[Opening DATA FOR ANALYSIS section]

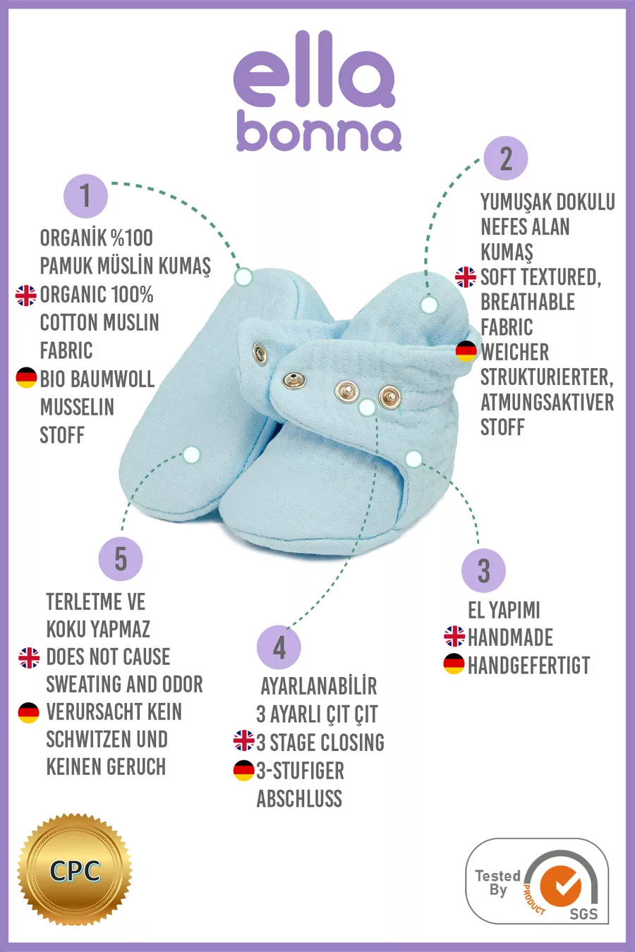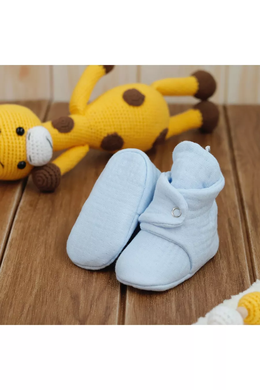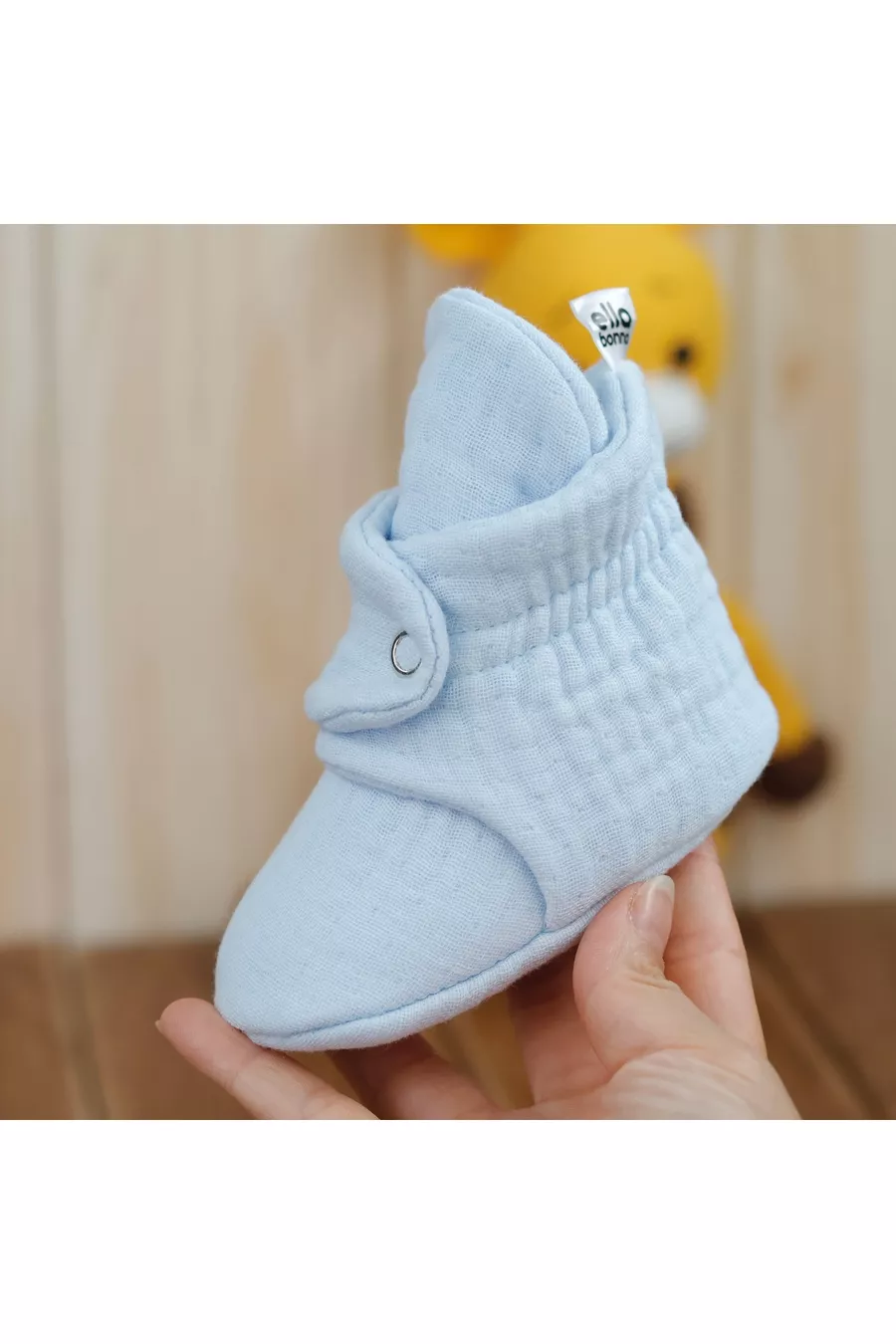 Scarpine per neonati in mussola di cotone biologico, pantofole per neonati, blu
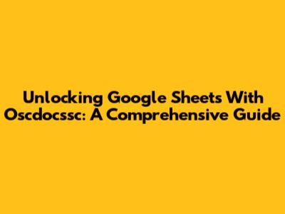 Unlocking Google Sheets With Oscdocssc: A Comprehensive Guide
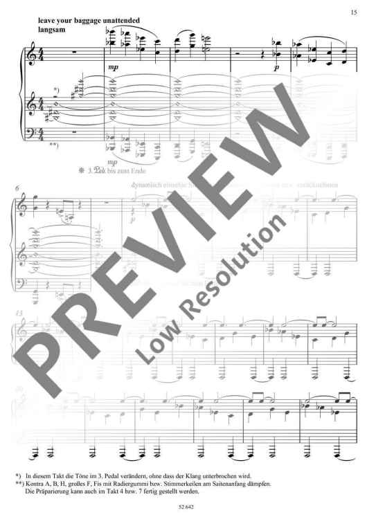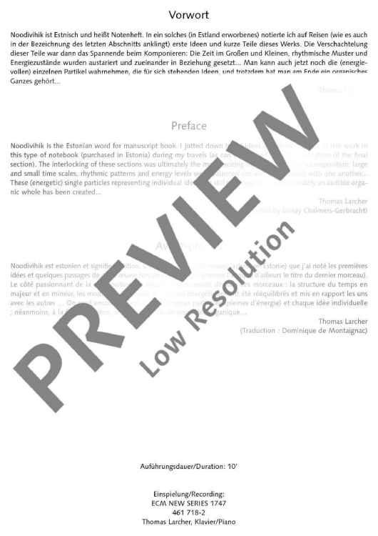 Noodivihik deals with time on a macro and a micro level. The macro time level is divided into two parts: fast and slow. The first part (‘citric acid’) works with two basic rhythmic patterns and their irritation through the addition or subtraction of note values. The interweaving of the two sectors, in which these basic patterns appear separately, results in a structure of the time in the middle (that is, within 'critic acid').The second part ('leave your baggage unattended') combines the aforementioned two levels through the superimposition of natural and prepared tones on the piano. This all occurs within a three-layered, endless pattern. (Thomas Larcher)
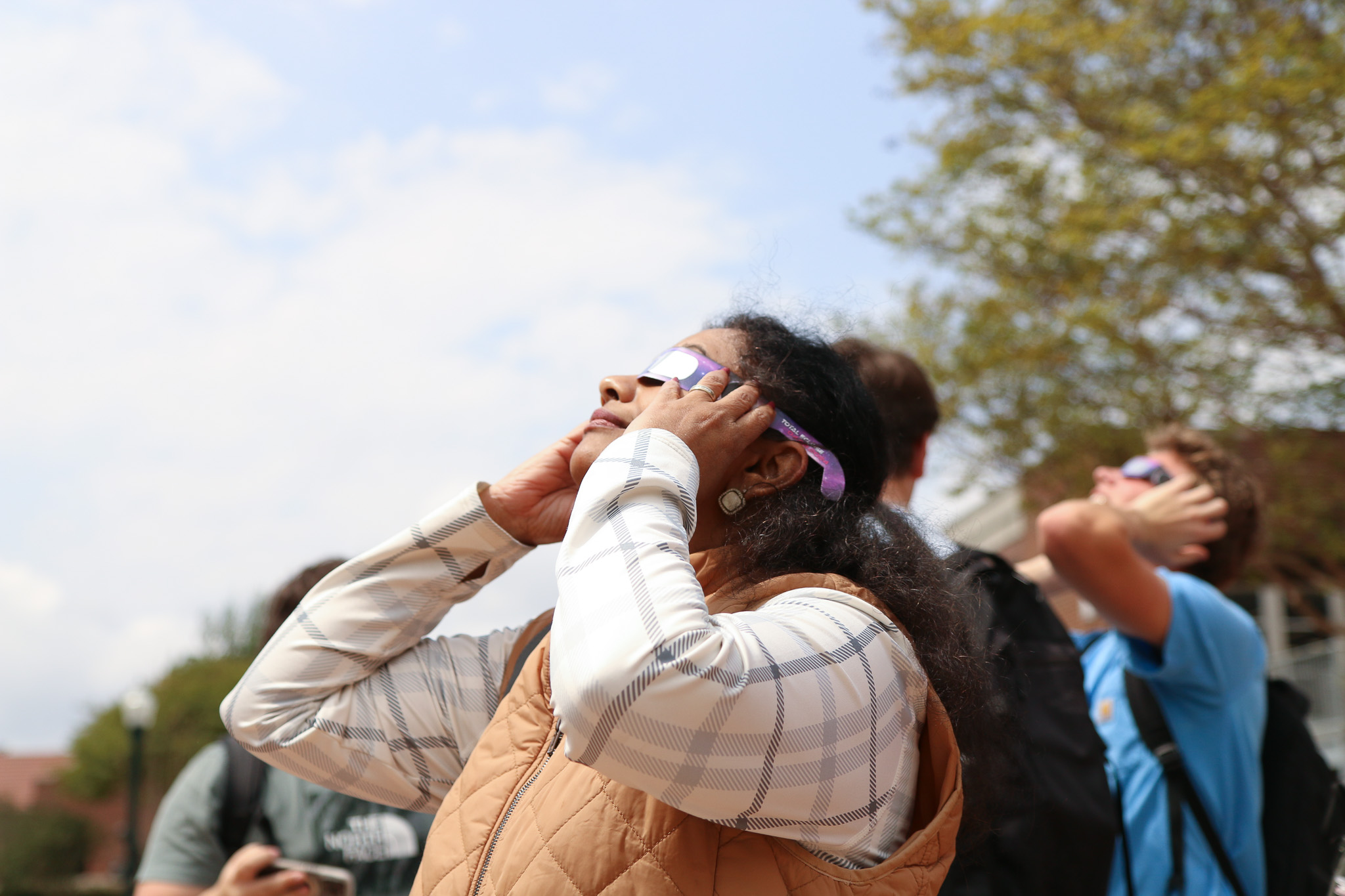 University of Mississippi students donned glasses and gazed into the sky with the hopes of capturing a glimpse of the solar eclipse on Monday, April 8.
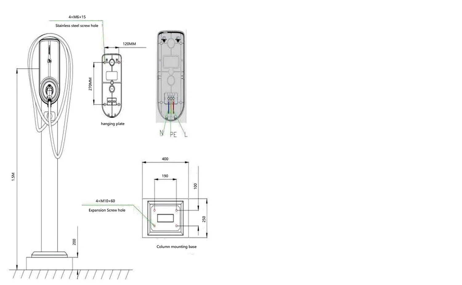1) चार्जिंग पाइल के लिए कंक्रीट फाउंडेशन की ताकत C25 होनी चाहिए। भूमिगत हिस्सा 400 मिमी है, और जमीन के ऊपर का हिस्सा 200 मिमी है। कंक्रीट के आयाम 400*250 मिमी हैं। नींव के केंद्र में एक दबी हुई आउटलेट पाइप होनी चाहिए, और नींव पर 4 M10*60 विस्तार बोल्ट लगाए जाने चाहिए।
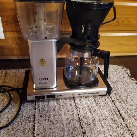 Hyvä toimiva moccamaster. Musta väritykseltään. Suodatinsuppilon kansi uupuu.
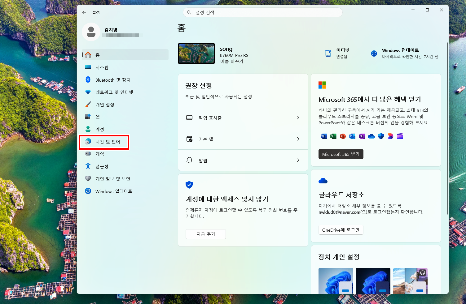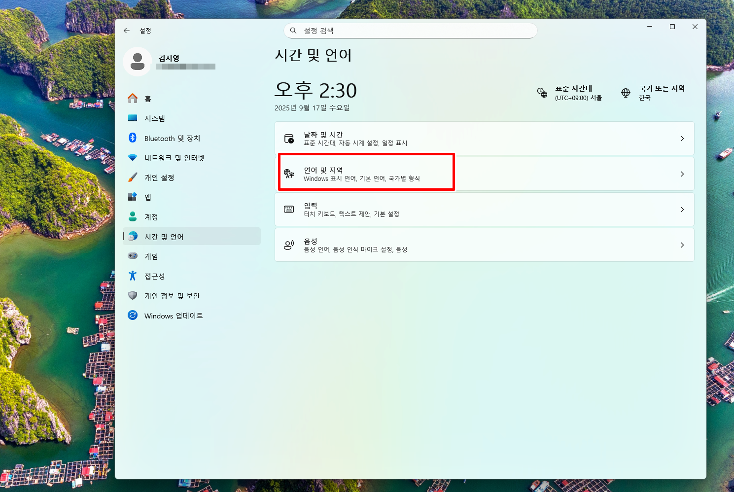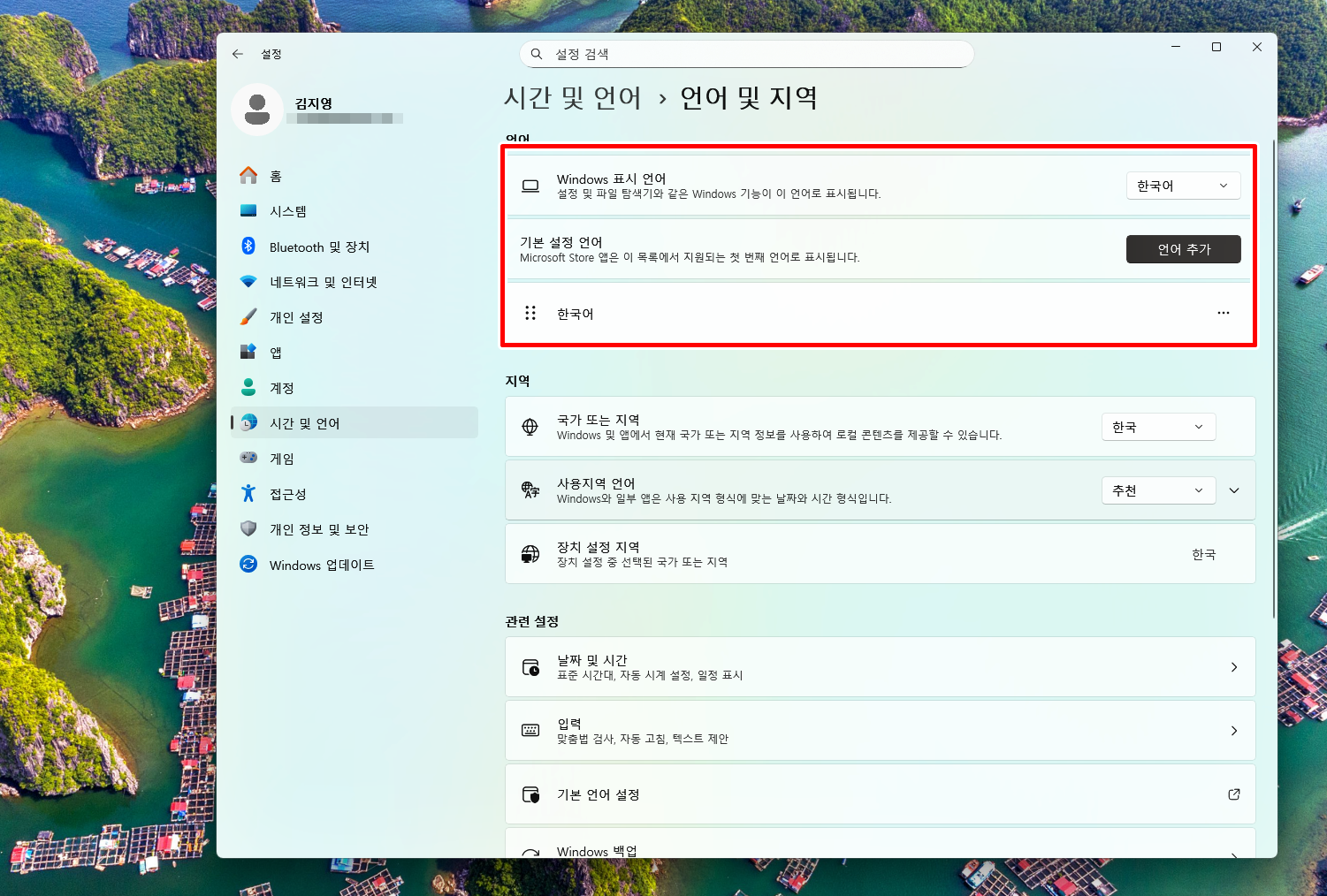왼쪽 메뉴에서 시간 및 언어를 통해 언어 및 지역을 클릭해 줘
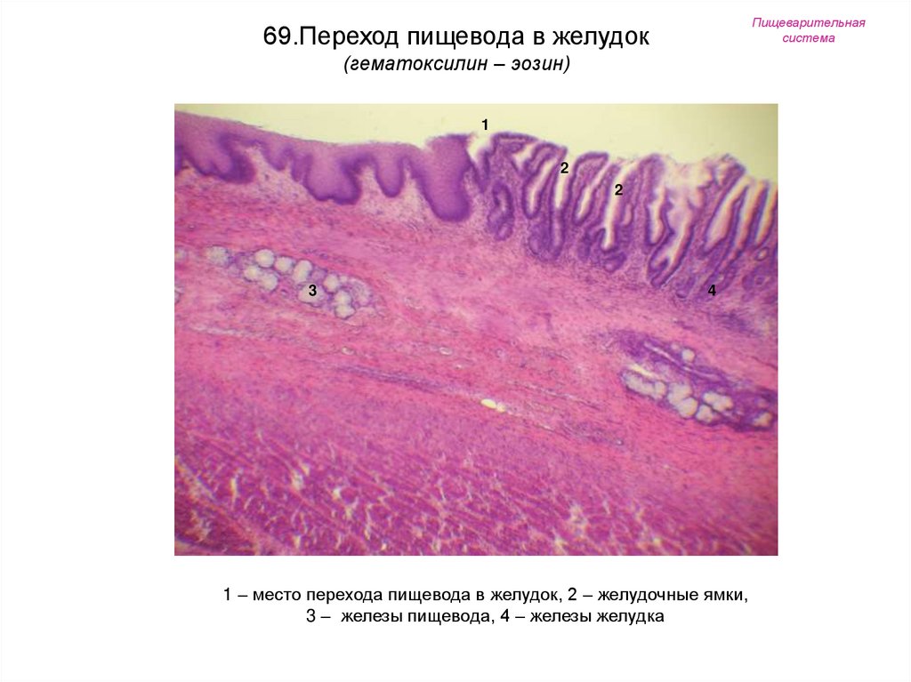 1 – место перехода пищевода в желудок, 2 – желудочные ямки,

[Closing DATA FOR ANALYSIS section]

TASK ITEM: Starting at the line that contains "Hyvä toimiva moccamaster.", retype each line through the end of the data exactly, and leave out every picture.

RESPONSE:
 Hyvä toimiva moccamaster. Musta väritykseltään. Suodatinsuppilon kansi uupuu.
왼쪽 메뉴에서 시간 및 언어를 통해 언어 및 지역을 클릭해 줘
 1 – место перехода пищевода в желудок, 2 – желудочные ямки,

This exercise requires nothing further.